**WHAT IS BEING ASKED:** An exact copy of all the data, minus the images, is required.

**INFORMATION SUPPLIED:**
◆ ◆ ◆

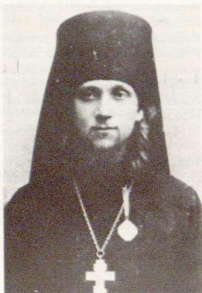
1913. Преподаватель Полтав. Дух. Семинарии
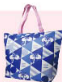
▲保冷トートバッグ

※ご融資金利はJA所定の基準金利(パーソナルプライムレート)を基準とし、年2回見直しを行います。

◆ ◆ ◆

**EXERCISE ANSWER:**
1913. Преподаватель Полтав. Дух. Семинарии
▲保冷トートバッグ

※ご融資金利はJA所定の基準金利(パーソナルプライムレート)を基準とし、年2回見直しを行います。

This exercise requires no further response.